Autocrazie e il pensiero di Anne Applebaum, vincitrice del Premio Strega Internazionale
Tutte le interviste della giornalista e scrittrice da Pulitzer, i discorsi e gli estratti tradotti sul Foglio. Il regime di Vladimir Putin, la determinazione degli ucraini, la deriva illiberale, il navalnysmo e un'America impazzita di moralismo
Anne Applebaum, giornalista e scrittrice da premio Pulitzer esperta di Russia che vive tra gli Stati Uniti e la Polonia, ha vinto il Premio Strega Saggistica Internazionale 2025 con "Autocrazie. Chi sono i dittatori che vogliono governare il mondo", tradotto da Tullio Cannillo (Mondadori, 2024). Il libro racconta l’alleanza delle autocrazie globali che stanno insieme non per una ideologia in comune ma perché condividono lo stesso desiderio di potere, ricchezza e impunità: per questo rappresentano una nuova minaccia che le democrazie non hanno ancora messo del tutto a fuoco. Applebaum aveva raccontato sul Foglio come era nata l'idea: da un articolo che scrisse sul magazine Atlantic alla fine del 2021, in cui diceva che i “bad guys” stavano vincendo: fu molto ripreso, in particolare da chi sosteneva che l’occidente liberale era rovinato, che allora erano spesso anche gli stessi che Putin non avrebbe mai invaso l’Ucraina. “Autocracy Inc. è dedicato agli ottimisti", ha detto Applebaum a Paola Peduzzi: perché “gli ottimisti credono che il cambiamento sia possibile e che valga la pena provare a ottenerlo”.
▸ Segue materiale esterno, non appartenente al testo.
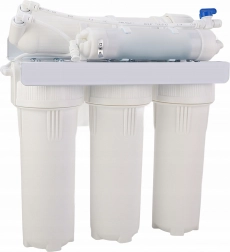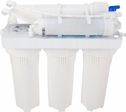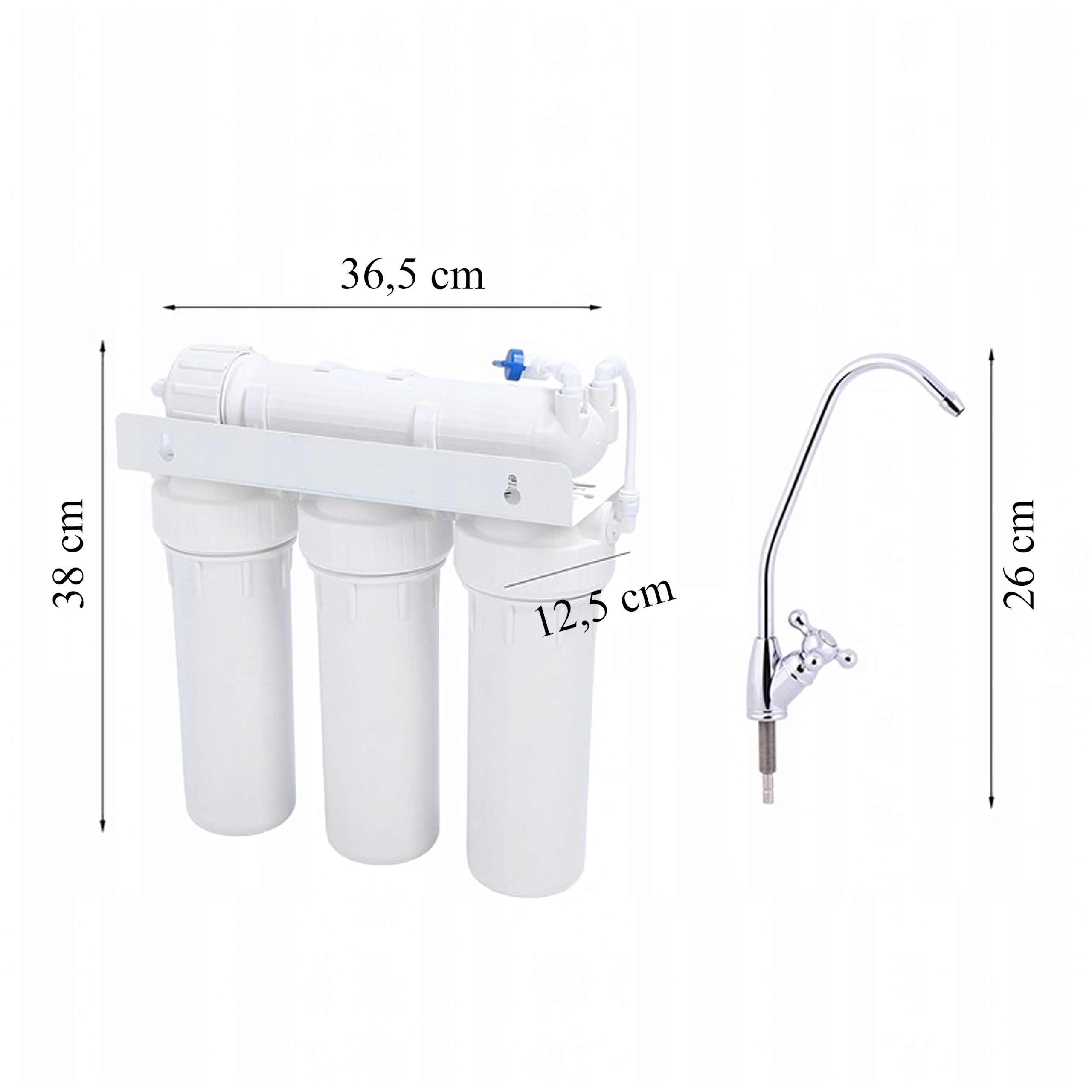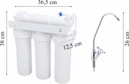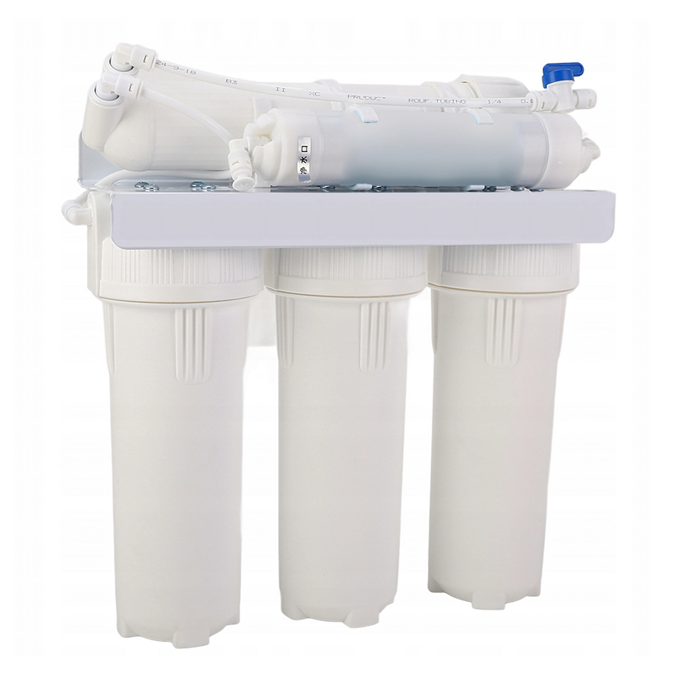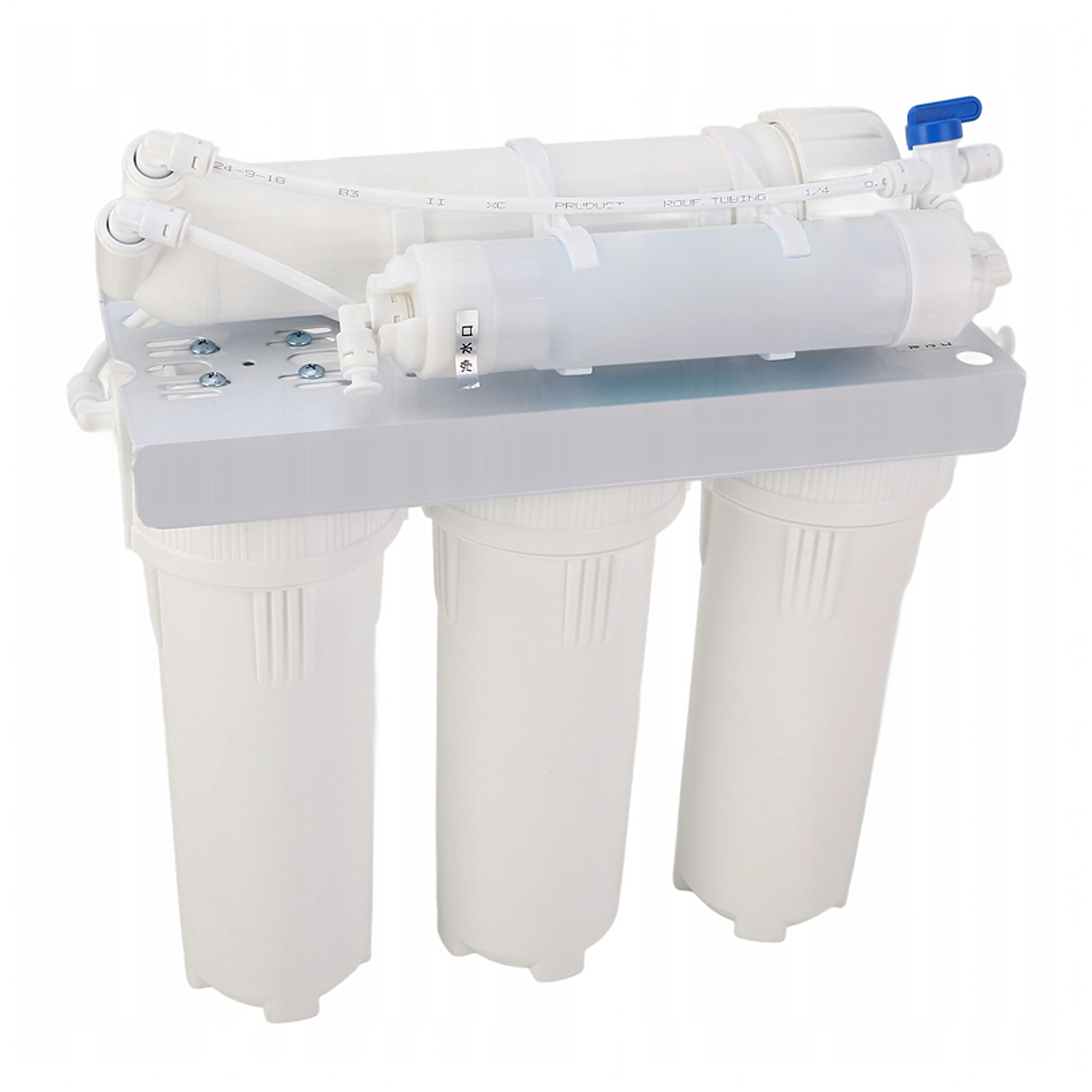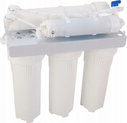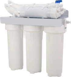 - Filtr wstępny osadowy, filtr wstępny węglowy, membrana RO, węglowy filtr doczyszczający, mineralizator
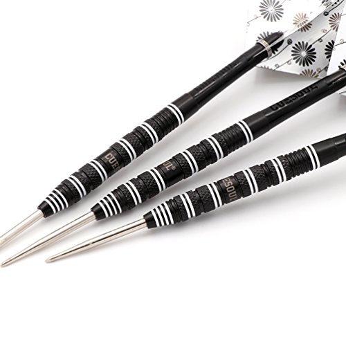 3* 90% slim tungsten dart barrel,well balance combined with Multi-Rings and Knurling Grip.Black coated with sharp white line decorated on barrel.
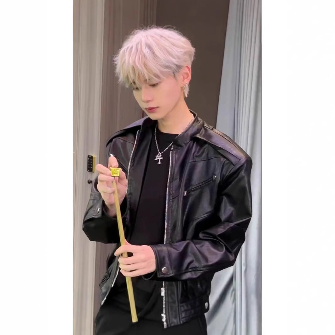 2024春季男士机车皮衣秋款外套韩版修身潮流帅气青年休闲PU皮上衣
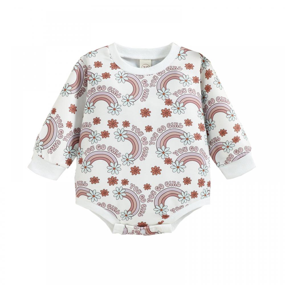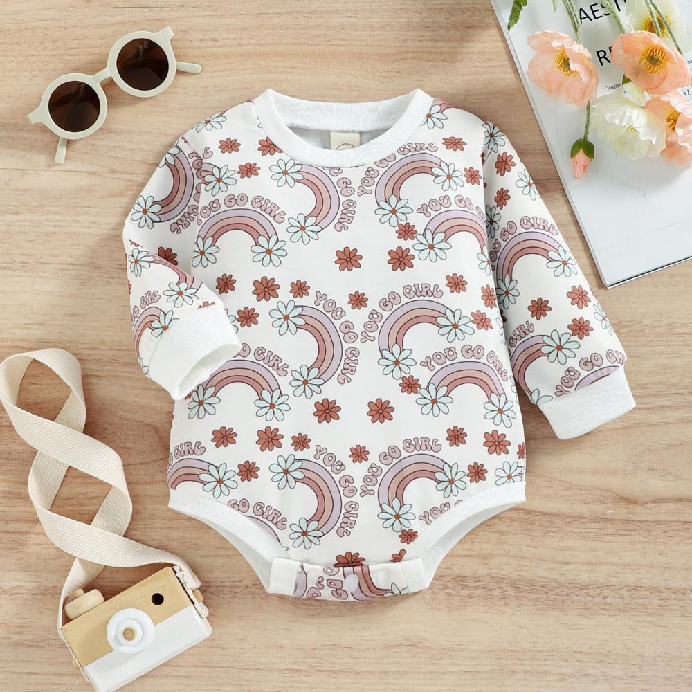 Autumn Baby Rainbow Print Romper Wholesale Girls Clothes

Nel dicembre 2022 Applebaum aveva tenuto un discorso al National Endowement for Democracy sulle autocrazie: "I regimi collaborano tra di loro per mantenersi al potere, e noi li abbiamo spesso lasciati impuniti". Ma le forze democratiche, i paesi e i popoli che aspirano alla libertà possono disfare la rete globale illiberale, aveva detto: "Gli ucraini hanno dimostrato che è possibile essere patrioti e credere in una società aperta, che una democrazia può essere più forte e più feroce dei suoi avversari. Proprio perché non c’è un ordine mondiale liberale naturale, né norme né regole, potremmo dover lottare per far sì che le nostre società aperte continuino a esistere". Trovate l'estratto della Seymour Martin Lipset Lecture qui.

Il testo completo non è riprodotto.